Douleurs nociceptives/Douleurs neurogènes : on décrit plusieurs mécanismes de production de la douleur. La nociception est le mécanisme habituel, de loin le plus fréquent. Les douleurs neurogènes sont dues à une lésion nerveuse, comme les douleurs parfois très intenses que l’on peut constater dans le territoire du nerf atteint par le virus du zona. Elles résistent aux antalgiques usuels.
Essai thérapeutique : quand il s’agit de comparer deux traitements par un essai clinique, celui-ci devient un essai thérapeutique.
Gold standard : méthode ou traitement considéré, à la suite d’essais cliniques précédents, comme le meilleur dans une situation donnée. Il est utilisé comme élément de comparaison dans les essais thérapeutiques : un nouveau traitement doit démontrer qu’il est supérieur au gold standard en vigueur pour le remplacer.
Ictère : nom médical de la jaunisse.
Incurable : patient ou maladie pour qui aucune mesure à visée curative n’est possible.
Ligne de chimiothérapie : chaque nouveau protocole utilisé en chimiothérapie est qualifié de ligne : traitement de première, de deuxième ligne, etc.
Molécule : dans le jargon de la thérapeutique, molécule désigne le principe actif d’un médicament, et, par extension, ce médicament.
Obstination déraisonnable : c’est l’appellation actuelle de l’acharnement thérapeutique. Il est formellement déconseillé d’y céder.

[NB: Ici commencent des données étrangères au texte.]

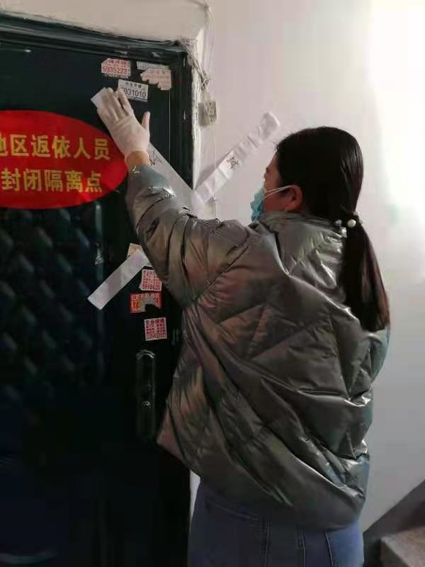 在這場疫情防控阻擊戰中,作為共產黨員、第一書記,危難時刻,竇雲傑主動承擔起全社區1800多人的排查工作。按照「外防輸入、內防反彈、人物同防」防疫要求,她每天與網格長挨家挨戶排查高中風險地區返依人員,以確保返鄉人員沒有隱報瞞報問題的發生,確保在第一時間進行隔離管控。
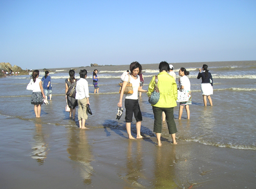 这里沙滩广阔平坦,细沙纯净,漫步其上,柔软柔软的,细沙从脚趾缝冒出来,真有别样的感觉。孩子们就喜欢在这里玩沙,堆沙人,挖沙洞。当然,最让孩子喜欢的还是捉小蟛蜞。绿豆大小的蟛蜞,在掌心上爬动,痒痒的,可有趣。捉几只装在矿水瓶带回去,难忘此行。

Patch anesthésiant : pastille enduite d’un anesthésique local, placé en regard de la chambre implantable une heure avant qu’on ne pique dans sa membrane.
Posthumanisme : version extrême du transhumanisme, dont une des thèses est que l’on pourra un jour vaincre la mort, en vivant éternellement jeune.
Protocole d’accord : dans un essai thérapeutique, le consentement, très détaillé, porte le nom de protocole d’accord.
Randomisation : tirage au sort mené de manière rigoureuse dans un essai clinique.
Recherche clinique : partie de la recherche médicale qui porte sur les patients, ce qui exclue le recours à l’expérimentation.
Thérapie ciblée : en oncologie, les thérapies ciblées sont des médicaments qui ciblent spécifiquement une protéine ou un mécanisme impliqués dans le développement tumoral, de manière à les bloquer. Ils sont donc a priori sans effet sur les cellules saines.
Tracer/Traçabilité : toute décision doit laisser une trace dans un dossier. C’est est un des aspects de la traçabilité.